+++ DATA RECORDS +++

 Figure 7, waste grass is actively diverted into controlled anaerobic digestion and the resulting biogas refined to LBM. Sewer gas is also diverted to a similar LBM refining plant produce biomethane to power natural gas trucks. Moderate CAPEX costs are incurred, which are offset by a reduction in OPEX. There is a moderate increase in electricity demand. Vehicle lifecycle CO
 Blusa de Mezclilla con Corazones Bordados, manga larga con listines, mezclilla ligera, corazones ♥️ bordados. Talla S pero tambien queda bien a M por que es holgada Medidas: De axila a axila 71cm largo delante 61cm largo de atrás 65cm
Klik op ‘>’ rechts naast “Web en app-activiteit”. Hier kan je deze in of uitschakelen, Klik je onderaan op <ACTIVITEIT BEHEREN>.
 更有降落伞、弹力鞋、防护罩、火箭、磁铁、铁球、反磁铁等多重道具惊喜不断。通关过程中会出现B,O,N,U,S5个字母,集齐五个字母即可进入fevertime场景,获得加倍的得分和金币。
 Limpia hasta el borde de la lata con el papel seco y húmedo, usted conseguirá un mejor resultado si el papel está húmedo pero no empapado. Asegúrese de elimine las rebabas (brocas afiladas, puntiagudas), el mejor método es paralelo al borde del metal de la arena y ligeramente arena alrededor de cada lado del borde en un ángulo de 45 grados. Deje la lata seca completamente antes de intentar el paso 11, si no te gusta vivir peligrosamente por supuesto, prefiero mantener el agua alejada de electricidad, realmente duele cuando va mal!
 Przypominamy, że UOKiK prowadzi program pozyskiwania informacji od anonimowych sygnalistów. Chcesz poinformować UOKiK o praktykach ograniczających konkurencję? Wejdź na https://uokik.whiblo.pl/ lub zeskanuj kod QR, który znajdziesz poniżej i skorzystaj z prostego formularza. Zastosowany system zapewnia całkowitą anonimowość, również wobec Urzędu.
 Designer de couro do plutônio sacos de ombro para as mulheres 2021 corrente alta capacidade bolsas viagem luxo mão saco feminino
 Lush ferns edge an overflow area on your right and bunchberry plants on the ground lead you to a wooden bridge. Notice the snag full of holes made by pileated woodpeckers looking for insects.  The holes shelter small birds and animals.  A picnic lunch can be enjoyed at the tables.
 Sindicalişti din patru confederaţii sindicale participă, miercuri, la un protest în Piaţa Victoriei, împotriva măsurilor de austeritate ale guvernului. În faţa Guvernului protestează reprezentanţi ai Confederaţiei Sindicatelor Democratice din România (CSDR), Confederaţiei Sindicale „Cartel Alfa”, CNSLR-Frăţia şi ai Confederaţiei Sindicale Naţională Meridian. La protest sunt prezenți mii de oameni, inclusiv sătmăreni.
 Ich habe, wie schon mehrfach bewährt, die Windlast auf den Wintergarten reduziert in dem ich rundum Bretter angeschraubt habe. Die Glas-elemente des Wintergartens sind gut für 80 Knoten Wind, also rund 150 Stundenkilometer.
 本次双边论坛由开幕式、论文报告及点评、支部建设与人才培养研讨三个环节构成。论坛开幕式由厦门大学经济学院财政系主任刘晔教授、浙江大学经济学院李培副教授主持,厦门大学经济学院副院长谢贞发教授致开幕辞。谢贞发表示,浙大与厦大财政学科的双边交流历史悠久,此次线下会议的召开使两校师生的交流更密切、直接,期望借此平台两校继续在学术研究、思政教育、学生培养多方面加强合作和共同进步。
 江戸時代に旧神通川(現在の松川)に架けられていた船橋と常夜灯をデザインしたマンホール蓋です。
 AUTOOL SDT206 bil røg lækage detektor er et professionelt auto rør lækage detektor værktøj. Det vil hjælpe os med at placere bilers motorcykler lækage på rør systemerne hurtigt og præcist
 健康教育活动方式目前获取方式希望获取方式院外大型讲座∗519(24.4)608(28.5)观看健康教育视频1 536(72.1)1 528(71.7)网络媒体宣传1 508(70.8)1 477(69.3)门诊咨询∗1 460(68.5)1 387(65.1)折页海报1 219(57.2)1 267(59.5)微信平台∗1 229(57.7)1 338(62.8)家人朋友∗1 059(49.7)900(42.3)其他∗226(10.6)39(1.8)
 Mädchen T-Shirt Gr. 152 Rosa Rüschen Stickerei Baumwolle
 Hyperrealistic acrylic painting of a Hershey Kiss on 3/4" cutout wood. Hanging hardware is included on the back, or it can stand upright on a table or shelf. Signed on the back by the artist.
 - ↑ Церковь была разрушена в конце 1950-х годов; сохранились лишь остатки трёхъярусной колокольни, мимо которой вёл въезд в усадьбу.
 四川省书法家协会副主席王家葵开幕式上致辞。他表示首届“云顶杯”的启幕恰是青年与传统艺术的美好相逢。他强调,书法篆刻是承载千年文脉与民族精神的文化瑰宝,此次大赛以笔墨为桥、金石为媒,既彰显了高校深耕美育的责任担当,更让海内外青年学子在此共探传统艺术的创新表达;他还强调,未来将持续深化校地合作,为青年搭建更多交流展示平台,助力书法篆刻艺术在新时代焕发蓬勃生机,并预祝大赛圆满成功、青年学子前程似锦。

+++

Reproduce exactly the lines above from the line with "本次双边论坛由开幕式、论文报" to the line with "Hyperrealistic acrylic painting", including both, and add nothing.

 本次双边论坛由开幕式、论文报告及点评、支部建设与人才培养研讨三个环节构成。论坛开幕式由厦门大学经济学院财政系主任刘晔教授、浙江大学经济学院李培副教授主持,厦门大学经济学院副院长谢贞发教授致开幕辞。谢贞发表示,浙大与厦大财政学科的双边交流历史悠久,此次线下会议的召开使两校师生的交流更密切、直接,期望借此平台两校继续在学术研究、思政教育、学生培养多方面加强合作和共同进步。
 江戸時代に旧神通川(現在の松川)に架けられていた船橋と常夜灯をデザインしたマンホール蓋です。
 AUTOOL SDT206 bil røg lækage detektor er et professionelt auto rør lækage detektor værktøj. Det vil hjælpe os med at placere bilers motorcykler lækage på rør systemerne hurtigt og præcist
 健康教育活动方式目前获取方式希望获取方式院外大型讲座∗519(24.4)608(28.5)观看健康教育视频1 536(72.1)1 528(71.7)网络媒体宣传1 508(70.8)1 477(69.3)门诊咨询∗1 460(68.5)1 387(65.1)折页海报1 219(57.2)1 267(59.5)微信平台∗1 229(57.7)1 338(62.8)家人朋友∗1 059(49.7)900(42.3)其他∗226(10.6)39(1.8)
 Mädchen T-Shirt Gr. 152 Rosa Rüschen Stickerei Baumwolle
 Hyperrealistic acrylic painting of a Hershey Kiss on 3/4" cutout wood. Hanging hardware is included on the back, or it can stand upright on a table or shelf. Signed on the back by the artist.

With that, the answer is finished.